Task details:
The output is the lines below from the one with "Un apartamento estudio" through the one with "ルイヴィトンメンズブラッククルーネック半袖Tシャツv427", both included, printed exactly and with no other line.

Material to process:
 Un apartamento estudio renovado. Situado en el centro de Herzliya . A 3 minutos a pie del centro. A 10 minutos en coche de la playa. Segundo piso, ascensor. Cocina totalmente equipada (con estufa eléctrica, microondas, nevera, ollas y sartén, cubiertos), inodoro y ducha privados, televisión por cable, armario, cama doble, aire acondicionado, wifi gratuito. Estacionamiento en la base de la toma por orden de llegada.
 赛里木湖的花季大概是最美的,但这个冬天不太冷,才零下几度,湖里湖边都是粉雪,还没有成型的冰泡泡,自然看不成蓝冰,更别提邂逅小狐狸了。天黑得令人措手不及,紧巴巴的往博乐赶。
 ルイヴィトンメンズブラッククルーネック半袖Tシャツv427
---
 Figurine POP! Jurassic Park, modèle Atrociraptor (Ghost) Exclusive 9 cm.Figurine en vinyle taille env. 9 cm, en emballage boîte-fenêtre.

Output for this task:
 Un apartamento estudio renovado. Situado en el centro de Herzliya . A 3 minutos a pie del centro. A 10 minutos en coche de la playa. Segundo piso, ascensor. Cocina totalmente equipada (con estufa eléctrica, microondas, nevera, ollas y sartén, cubiertos), inodoro y ducha privados, televisión por cable, armario, cama doble, aire acondicionado, wifi gratuito. Estacionamiento en la base de la toma por orden de llegada.
 赛里木湖的花季大概是最美的,但这个冬天不太冷,才零下几度,湖里湖边都是粉雪,还没有成型的冰泡泡,自然看不成蓝冰,更别提邂逅小狐狸了。天黑得令人措手不及,紧巴巴的往博乐赶。
 ルイヴィトンメンズブラッククルーネック半袖Tシャツv427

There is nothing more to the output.